Muallimin Online,
Sudah setengah bulan ini, bahkan lebih, saya tidak lagi bersalaman dan cium tangan Kiyai Nashir. KH Abdul Nashir Fattah. Padahal setiap kali bertemu, saya berharap bisa mendapatkan keberkahannya dengan bersalaman dan cium tangan.
Makanya, terkadang sedih, saat bertemu beliau tapi tidak bisa bersalaman dan cium tangan. Tapi apa daya. Kebiasaan bersalaman dengan mencium tangan ahlul ilmi, ahlul ibadah, minal mukhlisin untuk mencari keberkahan harus ditahan, dan harus dijauhi. Bahkan bicara dengan beliaupun harus dengan jarak. Ini terkesan su'ul adab. Tata krama yang sangat tidak dianjurkan dalam pergaulan antara guru dan murid.
Kesedihan tersebut harus ditahan dalam hati yang dalam, dan kadang juga dibumbui rasa bersalah dan berdosa, karena merasa tidak lagi menghormati seorang guru, yang selama ini menjaga dan membimbing ruh kita dalam menapaki jalan kehidupan.
Bahkan untuk bertemu beliau-pun harus ditahan dalam jangka lama, dengan posisi yang berjauhan.
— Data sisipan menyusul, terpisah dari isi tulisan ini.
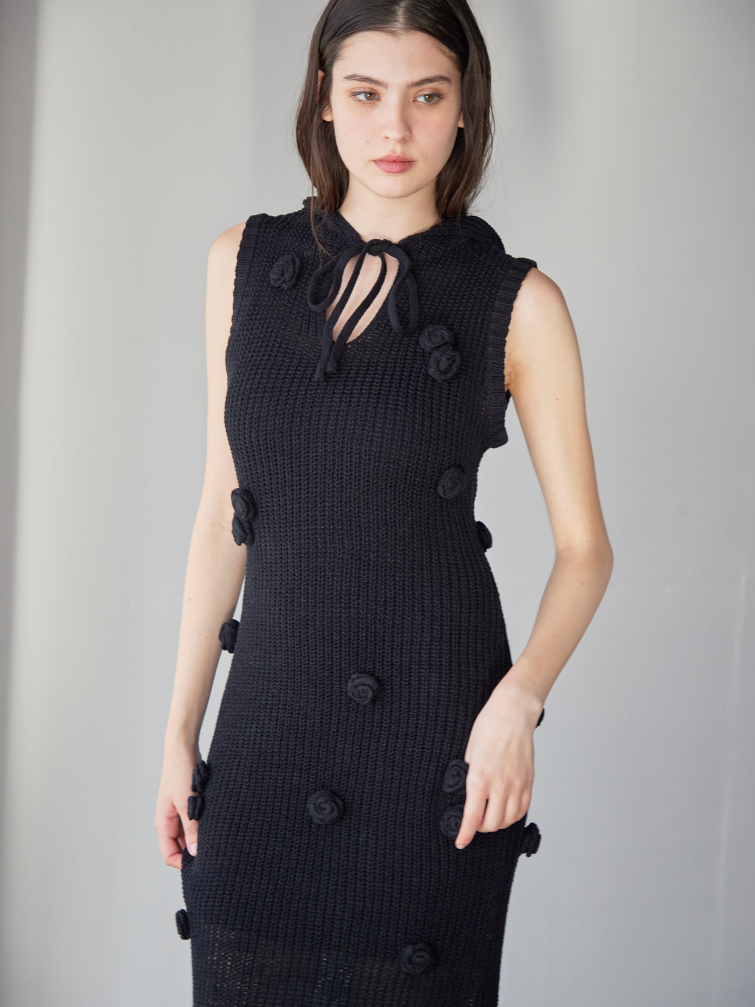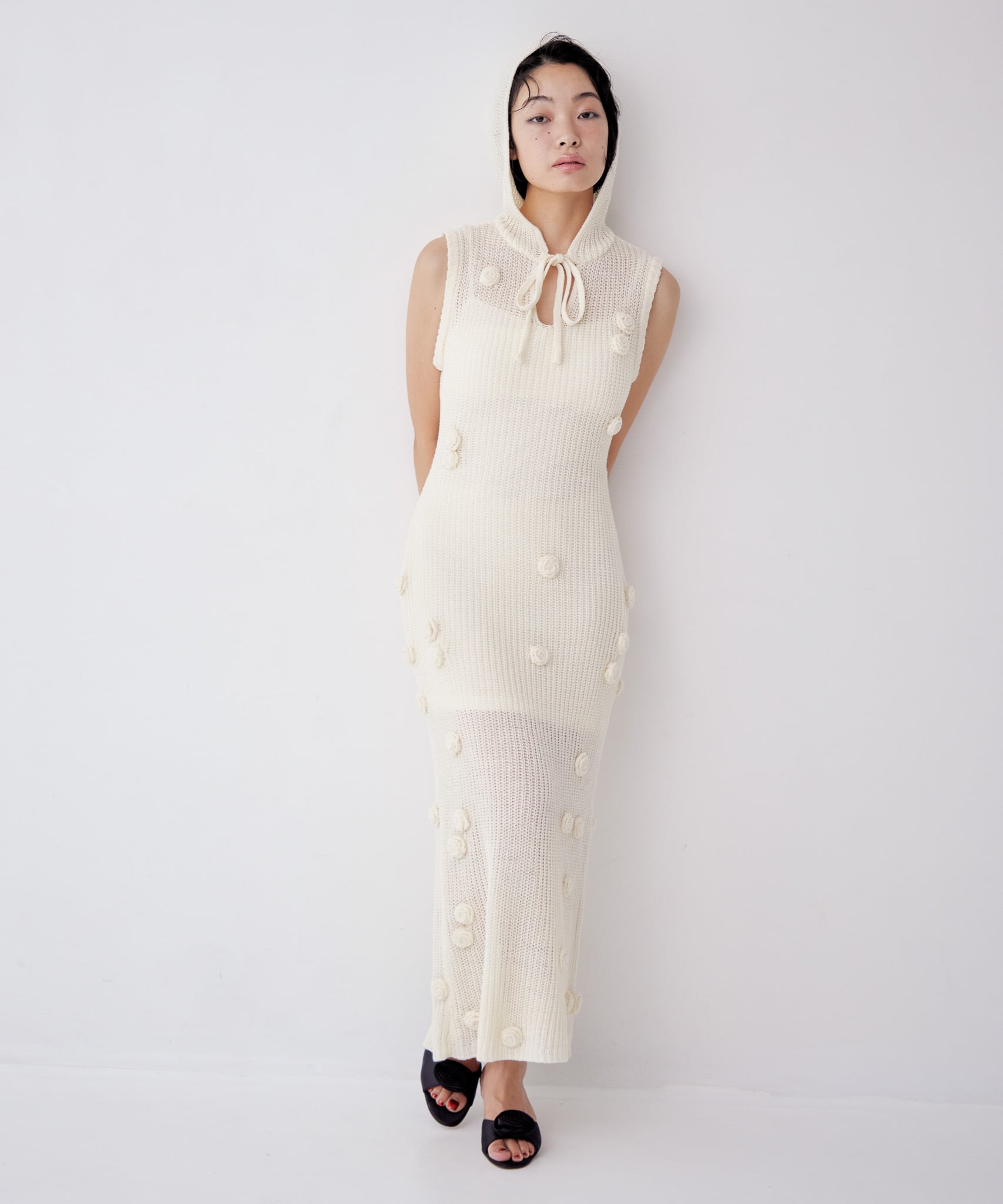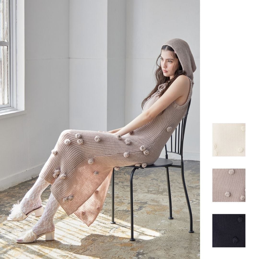 ローズニットフーディワンピース / Rose knit hoodie dress 【125016】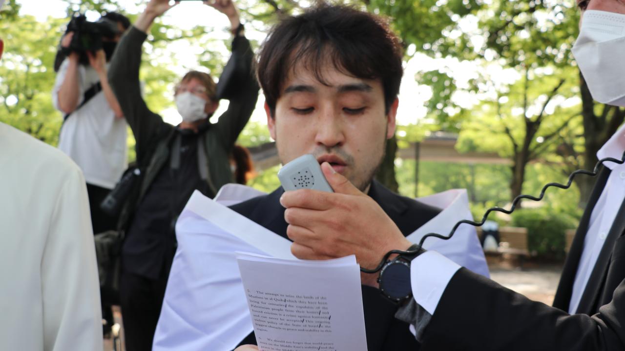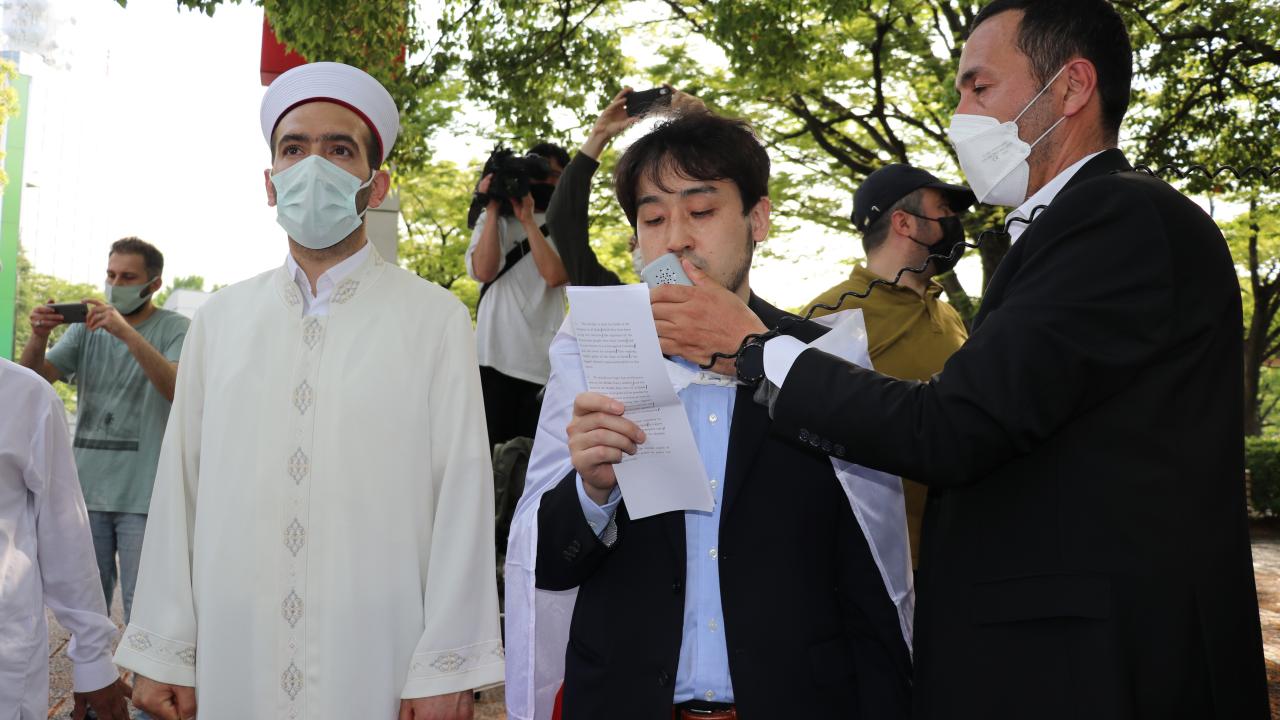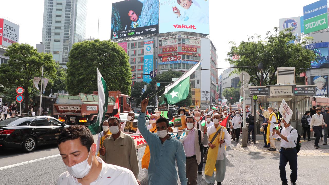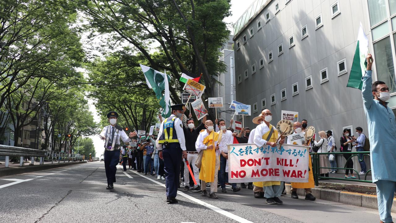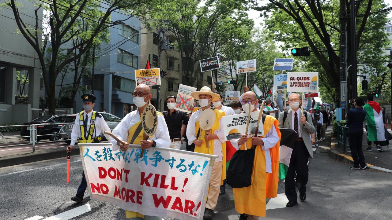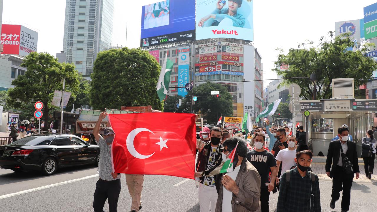 Tokyo Camisi İmam Hatibi Muhammet Rıfat Çınar, Yoyogi Park`a ulaşan gruplara Filistin`de verilen şehitler dolayısıyla gıyabi cenaze namazı kıldırdı.

Padahal pinginnya bisa bicara dalam jangka lama, dengan posisi sedekat mungkin.
Tapi, sekali lagi, apa mau dikata. Kondisi saat ini, dimana pemerintah Republik Indonesia menganjurkan, agar kita di rumah saja, menghindari jabat tangan, dan kalau bertemu dengan orang lain harus menjaga jarak minimal 1 meter. Anjuran pemerintah ini untuk mencegah penyebaran Covid-19. Virus yang penyebarannya terjadi secara cepat, dan sudah menyebar hampir di semua negara di dunia. Sehingga WHO menetapkan sebagai pandemi.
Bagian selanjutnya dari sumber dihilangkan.